EXERCISE REQUIREMENTS: The line with "each having a" marks where to begin; print it and all lines after it in the material below exactly, skipping pictures.

DATASET RECORDS:
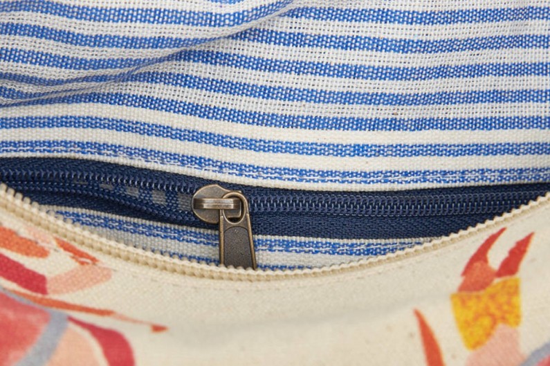 Preciosa bossa mà "cranc" fabricat en cotó, amb tiradors de cuir.
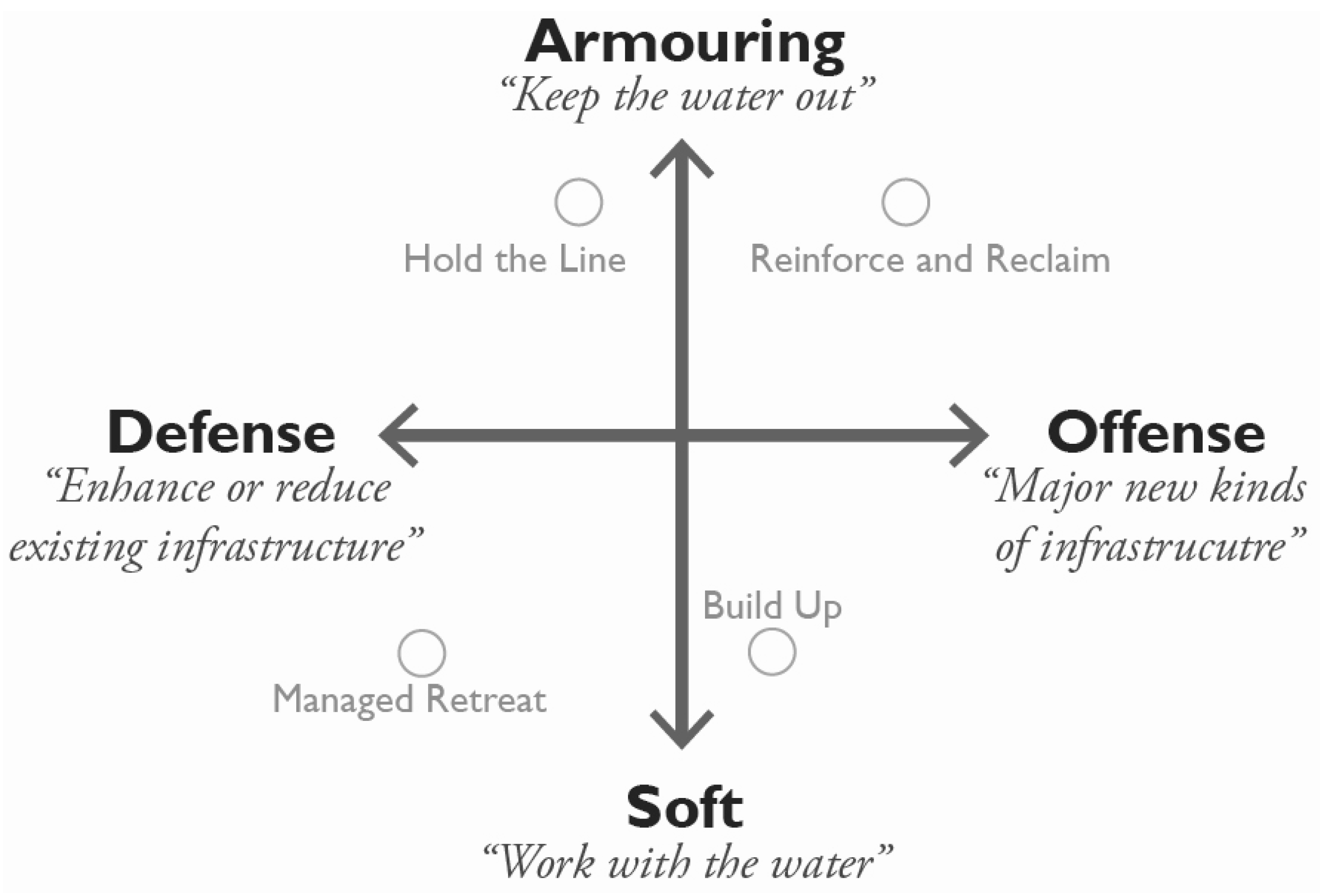 In this framework, the adaptation scenarios can be compared by the extent to which they defend or take offensive action, and armor or use softer approaches against sea level rise [35].
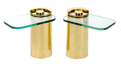 each having a cylindrical brass base with a cantilevered glass top, unmarked.
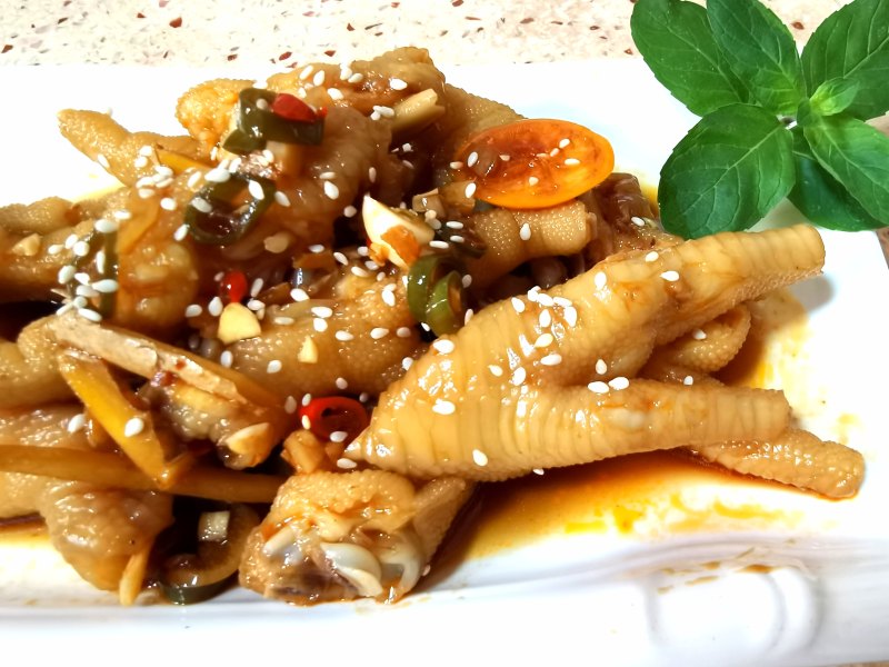 18:冷藏过的鸡爪,开吃之前面上撒一些熟芝麻,麻辣鲜香,酸甜适中,皮脆爽口,口感丰富,下个小酒,完美!
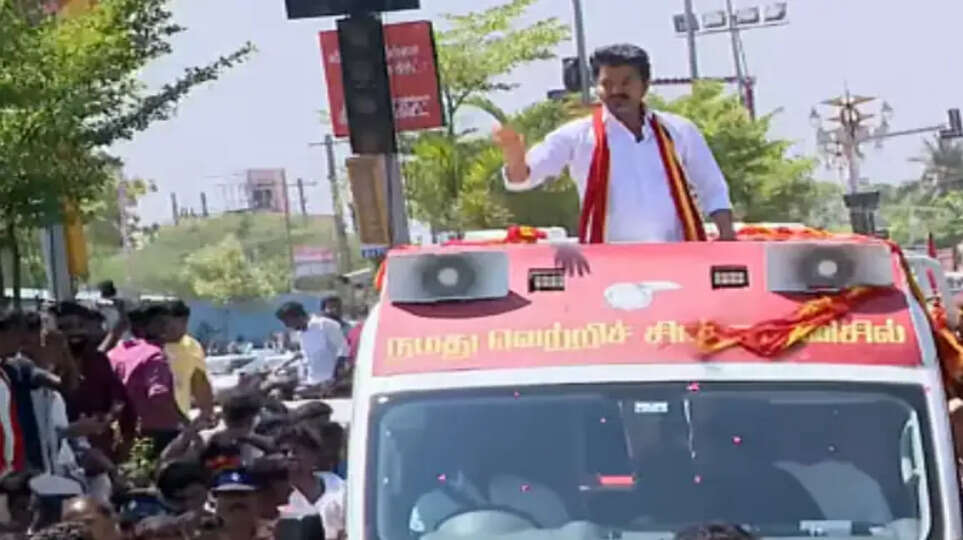 விஜய் திருச்சி விமான நிலையத்திலிருந்து பிரச்சார வாகனத்தில் மனு தாக்கல் செய்ய வந்தார் விஜய்.திருச்சி விமான நிலையத்திலிருந்து வேட்பு மனு தாக்கல் செய்யும் இடம் வரை விஜய் ரோடு ஷோ தொண்டர்கள் வீசி எரித்த கட்சி தொண்டை துண்டுகளை வாங்கி தனது தோளில் அணிந்தபடி விஜய் தொண்டர்களை நோக்கி கையைசைத்தும் வாகனத்தில் நின்றபடி வந்து கொண்டிருக்கிறார்.
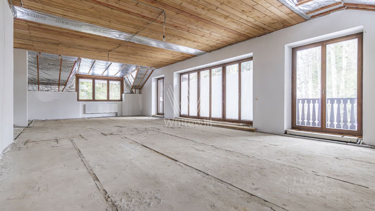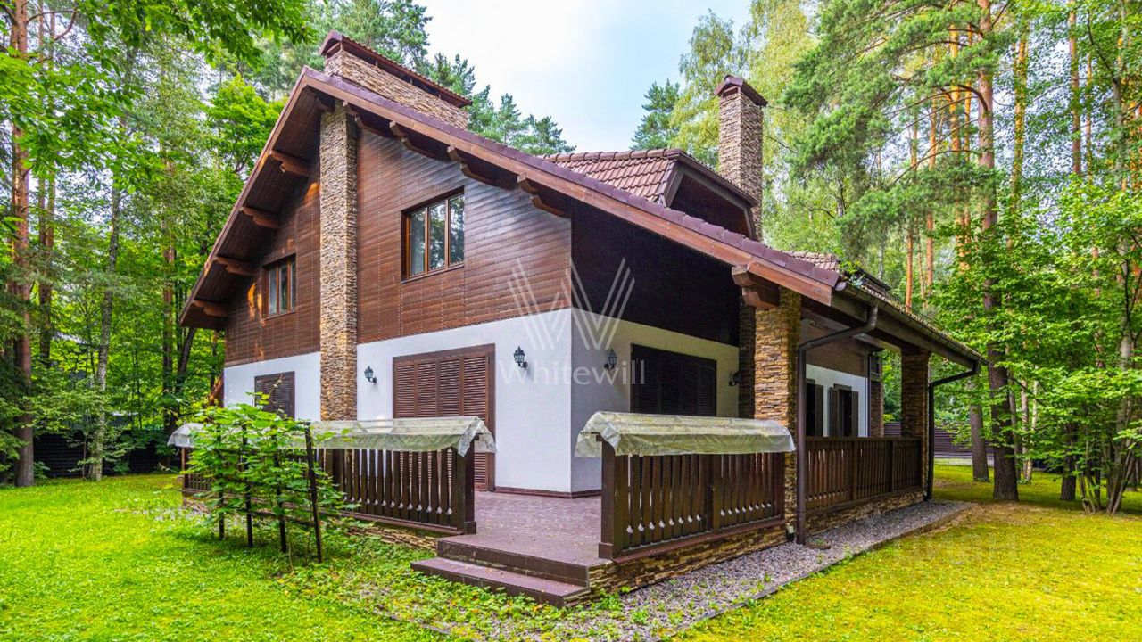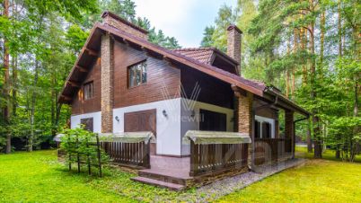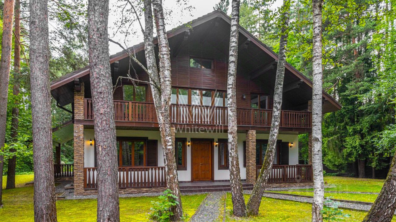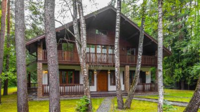 Новодарьино РАН. Загородный дом площадью 640 м² построен на лесном участке 24 сотки. Лаконичный фасад демонстрирует элементы шале и облицован деревом, камнем и декоративной штукатуркой. Коттедж представлен без отделки и со свободной планировкой, что позволяет реализовать индивидуальный дизайн-проект. На участке с березами и хвойными деревьями посеян газон и вымощены дорожки. Здесь можно обустроить места для отдыха и установить беседку с зоной для барбекю.

TASK ANSWER:
 each having a cylindrical brass base with a cantilevered glass top, unmarked.
 18:冷藏过的鸡爪,开吃之前面上撒一些熟芝麻,麻辣鲜香,酸甜适中,皮脆爽口,口感丰富,下个小酒,完美!
 விஜய் திருச்சி விமான நிலையத்திலிருந்து பிரச்சார வாகனத்தில் மனு தாக்கல் செய்ய வந்தார் விஜய்.திருச்சி விமான நிலையத்திலிருந்து வேட்பு மனு தாக்கல் செய்யும் இடம் வரை விஜய் ரோடு ஷோ தொண்டர்கள் வீசி எரித்த கட்சி தொண்டை துண்டுகளை வாங்கி தனது தோளில் அணிந்தபடி விஜய் தொண்டர்களை நோக்கி கையைசைத்தும் வாகனத்தில் நின்றபடி வந்து கொண்டிருக்கிறார்.
 Новодарьино РАН. Загородный дом площадью 640 м² построен на лесном участке 24 сотки. Лаконичный фасад демонстрирует элементы шале и облицован деревом, камнем и декоративной штукатуркой. Коттедж представлен без отделки и со свободной планировкой, что позволяет реализовать индивидуальный дизайн-проект. На участке с березами и хвойными деревьями посеян газон и вымощены дорожки. Здесь можно обустроить места для отдыха и установить беседку с зоной для барбекю.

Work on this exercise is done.